Рядом, у соседних могил, рыдали матери. От их исступленных воплей кладбищенские галки всполошенно взлетали, сбивая крыльями с тополей снежную пыль.
Наконец гроб с Милей опустили и начали забрасывать землей. Глаша, кусая от тоски губы, пошла в глубь кладбища, в лес крестов, памятников, часовен и оград. Шла она по неистоптанному бархатистому снегу, оставляя в нем глубокие следы.
Холодный круг солнца, выглядывая из-за быстро несущихся облаков, ослеплял скорбным и острым блеском.
Долго, долго ходила Глаша, а когда морозный воздух стал резок и ледяное небо зазеленело в просветах, вся с головы до йог обсыпанная снегом, вернулась в аллею.
Там уже не было ни души.
Дубовые и сосновые кресты торчали над длинными высокими земляными буграми. И казались они живыми распятиями, все видящими и все осуждающими. Стоят, глубоко врытые в могилы, и слушают, как по-зимнему холодно, бесприютно гудит в тополях, осинах и акациях вьюжный ветер.
Глава девятая
Ивлев потом не раз изумлялся: как это ему удалось добраться из Кущевской до Тимашевской?
Никаких поездов по расписанию не ходило, а красногвардейские эшелоны с главной магистрали редко сворачивали на Черноморскую линию. И только когда в Ростове или Тихорецкой накапливалась огромная масса людей, железнодорожники наспех формировали составы из вагонов, которые тут же с бою брались фронтовиками-солдатами, матросами, беженцами.
Вот такой состав из теплушек, товарных вагонов, переполненный людьми, Ивлев и нашел на станции Кущевской.
Толпа осаждала поезд. После отчаянных потасовок, ругани Ивлеву кое-как удалось втиснуться в темный нетопленый вагон и усесться на пол среди солдат, дымивших вонючей махоркой.
Измученный, утомленный, он, едва пригревшись, уснул.
Сколько проспал, сутки или двое, этого он не знал. На каждой, и большой, и малой, станции попутчики менялись, и, если кто-то из них пытался разбудить его, он лишь поднимался до сидячего положения, бессмысленно озирался по сторонам и вновь валился на пол. И спал, спал, спал.
А если кто-нибудь понастырней теребил его за уши и за плечи, то курносый сердобольный солдат, сидевший подле, махал рукой:
— Да не тронь его! Пущай бедолага флотский отоспится.
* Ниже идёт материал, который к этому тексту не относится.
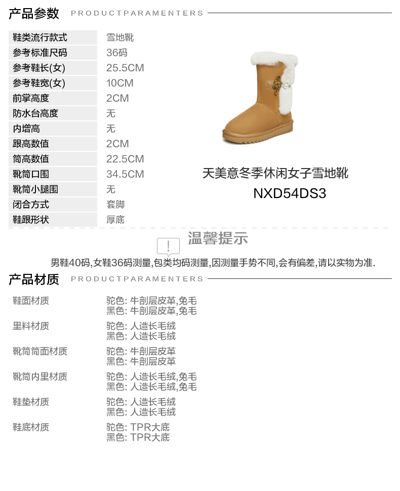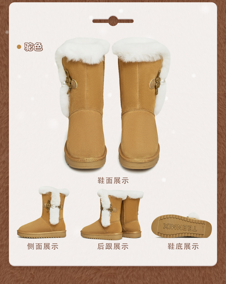 | 靴筒筒面材质:牛剖层皮革 | 里料材质:人造长毛绒 | 制鞋工艺:胶贴皮鞋 | 鞋垫材质:人造长毛绒 | 款式季节:冬季 |

Он не иначе как до своего флоту в Новороссийск правится.
Глубокий, почти летаргический, сон спас Ивлева от дотошных расспросов и, может быть, от смерти.
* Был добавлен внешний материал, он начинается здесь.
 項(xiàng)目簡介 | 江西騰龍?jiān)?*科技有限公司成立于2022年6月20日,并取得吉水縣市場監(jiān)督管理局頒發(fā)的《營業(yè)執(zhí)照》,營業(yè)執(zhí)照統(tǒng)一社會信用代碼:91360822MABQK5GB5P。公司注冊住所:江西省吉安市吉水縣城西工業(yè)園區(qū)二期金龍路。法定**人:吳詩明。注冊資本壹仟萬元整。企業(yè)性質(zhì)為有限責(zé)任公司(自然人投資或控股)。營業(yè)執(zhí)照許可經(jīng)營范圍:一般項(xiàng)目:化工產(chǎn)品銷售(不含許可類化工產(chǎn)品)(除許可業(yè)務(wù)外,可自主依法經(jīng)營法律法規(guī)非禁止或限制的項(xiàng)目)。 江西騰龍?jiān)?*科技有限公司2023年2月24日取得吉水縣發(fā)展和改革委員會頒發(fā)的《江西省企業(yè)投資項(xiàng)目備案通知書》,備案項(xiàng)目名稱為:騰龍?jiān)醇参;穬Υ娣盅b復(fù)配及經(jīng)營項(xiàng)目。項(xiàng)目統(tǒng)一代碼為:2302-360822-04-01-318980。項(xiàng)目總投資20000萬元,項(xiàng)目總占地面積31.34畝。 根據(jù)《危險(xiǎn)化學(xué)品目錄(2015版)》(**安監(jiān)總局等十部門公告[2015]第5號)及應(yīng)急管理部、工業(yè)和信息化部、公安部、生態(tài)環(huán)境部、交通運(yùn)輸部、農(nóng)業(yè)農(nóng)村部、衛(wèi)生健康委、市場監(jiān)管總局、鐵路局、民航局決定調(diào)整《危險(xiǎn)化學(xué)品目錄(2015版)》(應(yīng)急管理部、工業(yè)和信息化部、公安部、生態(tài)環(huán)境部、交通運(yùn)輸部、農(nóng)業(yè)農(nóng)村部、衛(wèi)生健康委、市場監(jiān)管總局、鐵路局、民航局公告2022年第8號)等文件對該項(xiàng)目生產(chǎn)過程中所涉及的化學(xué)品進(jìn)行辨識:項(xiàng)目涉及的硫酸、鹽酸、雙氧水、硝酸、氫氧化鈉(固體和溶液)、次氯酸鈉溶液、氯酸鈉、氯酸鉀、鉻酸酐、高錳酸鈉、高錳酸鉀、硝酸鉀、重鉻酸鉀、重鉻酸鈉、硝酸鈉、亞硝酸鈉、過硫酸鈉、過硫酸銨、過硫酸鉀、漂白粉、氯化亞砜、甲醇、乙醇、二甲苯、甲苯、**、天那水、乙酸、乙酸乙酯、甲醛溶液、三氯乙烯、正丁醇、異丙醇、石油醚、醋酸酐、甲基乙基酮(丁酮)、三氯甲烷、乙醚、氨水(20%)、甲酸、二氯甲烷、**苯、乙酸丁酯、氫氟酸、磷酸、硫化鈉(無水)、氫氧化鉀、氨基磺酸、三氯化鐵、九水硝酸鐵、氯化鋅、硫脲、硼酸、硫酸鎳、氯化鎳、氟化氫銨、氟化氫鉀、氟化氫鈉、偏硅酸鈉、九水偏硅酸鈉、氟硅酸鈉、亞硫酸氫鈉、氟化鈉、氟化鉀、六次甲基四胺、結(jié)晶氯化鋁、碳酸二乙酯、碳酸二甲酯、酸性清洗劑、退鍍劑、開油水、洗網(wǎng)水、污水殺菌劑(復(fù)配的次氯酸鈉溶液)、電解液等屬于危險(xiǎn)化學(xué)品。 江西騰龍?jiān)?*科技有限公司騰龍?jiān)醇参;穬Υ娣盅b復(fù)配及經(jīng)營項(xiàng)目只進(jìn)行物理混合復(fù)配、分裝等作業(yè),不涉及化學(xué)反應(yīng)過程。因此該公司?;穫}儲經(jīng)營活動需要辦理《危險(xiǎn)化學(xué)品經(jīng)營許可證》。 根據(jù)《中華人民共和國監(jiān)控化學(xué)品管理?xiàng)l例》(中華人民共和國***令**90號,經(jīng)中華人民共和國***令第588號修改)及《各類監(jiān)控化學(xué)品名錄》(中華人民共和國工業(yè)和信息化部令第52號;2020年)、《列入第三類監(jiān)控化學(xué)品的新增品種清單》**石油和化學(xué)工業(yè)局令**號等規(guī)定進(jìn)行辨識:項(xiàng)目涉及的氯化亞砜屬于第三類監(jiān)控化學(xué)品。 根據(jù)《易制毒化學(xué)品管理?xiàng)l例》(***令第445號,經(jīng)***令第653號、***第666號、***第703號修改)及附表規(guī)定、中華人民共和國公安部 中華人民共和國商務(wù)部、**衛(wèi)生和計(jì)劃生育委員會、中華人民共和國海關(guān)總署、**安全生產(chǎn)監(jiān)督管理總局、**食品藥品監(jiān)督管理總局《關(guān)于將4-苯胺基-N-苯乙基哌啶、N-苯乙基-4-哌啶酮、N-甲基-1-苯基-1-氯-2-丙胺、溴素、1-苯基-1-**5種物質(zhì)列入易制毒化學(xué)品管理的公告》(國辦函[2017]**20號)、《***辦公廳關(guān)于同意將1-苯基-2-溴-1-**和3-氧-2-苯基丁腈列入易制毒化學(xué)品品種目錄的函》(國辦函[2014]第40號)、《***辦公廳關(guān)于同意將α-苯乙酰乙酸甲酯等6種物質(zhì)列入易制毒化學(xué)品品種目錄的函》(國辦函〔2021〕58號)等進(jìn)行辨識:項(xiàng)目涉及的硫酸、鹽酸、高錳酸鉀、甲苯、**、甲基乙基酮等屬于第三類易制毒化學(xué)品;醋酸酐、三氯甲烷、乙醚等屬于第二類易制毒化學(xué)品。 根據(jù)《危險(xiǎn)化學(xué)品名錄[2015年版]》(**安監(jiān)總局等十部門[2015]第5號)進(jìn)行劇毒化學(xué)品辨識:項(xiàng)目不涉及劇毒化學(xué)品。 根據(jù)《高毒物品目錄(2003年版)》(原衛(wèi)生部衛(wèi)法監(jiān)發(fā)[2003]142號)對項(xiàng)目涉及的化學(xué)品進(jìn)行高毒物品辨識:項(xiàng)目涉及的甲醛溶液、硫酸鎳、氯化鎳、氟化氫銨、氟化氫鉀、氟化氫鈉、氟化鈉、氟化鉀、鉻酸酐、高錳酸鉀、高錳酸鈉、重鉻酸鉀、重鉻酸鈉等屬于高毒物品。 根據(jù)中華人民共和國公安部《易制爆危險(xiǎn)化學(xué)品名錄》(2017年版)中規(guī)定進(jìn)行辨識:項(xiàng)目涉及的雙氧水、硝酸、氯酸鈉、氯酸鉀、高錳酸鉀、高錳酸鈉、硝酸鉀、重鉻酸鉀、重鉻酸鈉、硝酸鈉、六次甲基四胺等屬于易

Часа в три поезд прибыл в Тимашевскую. Курносый солдат так крепко наступил подкованным ботинком Ивлеву на руку, что тот вскрикнул.
— Тебе куда, браток? — виновато спросил солдат, запихивая в вещевой мешок ватную куртку и сапоги.
— Мне далече, — осипшим голосом ответил Ивлев.
— А я вже дома — Тимашевская! Хочешь, забери сухари. Теперича они мне ни к чему. Скоро баба буде блинами потчевать. — Солдат высыпал в полу шинели Ивлева сухари и, вскинув мешок на плечи, мигом выскользнул из вагона.
— Тимашевская! — взволнованно повторил Ивлев. Окончательно проснувшись, он решил, что здесь надо покинуть поезд. Ведь где-то рядом должен быть фронт. — Пойду водицы испить, — сказал он вслух и, грызя сухари, выпрыгнул из вагона.
В предрассветный час на путях было безлюдно. Ивлев направился в сторону семафора. Верстах в двадцати — станица Медведовская, занятая кубанскими добровольцами. Дорога до этой станицы хорошо известна. Не раз в лето четырнадцатого года он вместе с приятелем-художником Иваном Шемякиным ездил из Медведовской в Тимашевскую и велосипедом, и лошадьми… Как же он тогда был беззаботен!
Стиснув зубы и пригнувшись, крадучись, пошел он от станции под ветвями акаций, с которых беззвучно сыпался иней.
Вскоре позади остались стрелки, светившиеся мирными зелеными и малиновыми огоньками, темная будка стрелочника. Спереди рубиновым глазом пристально глядел в темноту семафор.
Бледный осколок месяца полз над мертвенно-темными полями.
Проселочной дороги не было. Пришлось идти по пашне. Под ногами путались будылья прошлогодней картошки.
Станица Тимашевская тонула в мглистой тьме. Нигде не светилось ни одно окно, только дворовые псы тревожно лаяли.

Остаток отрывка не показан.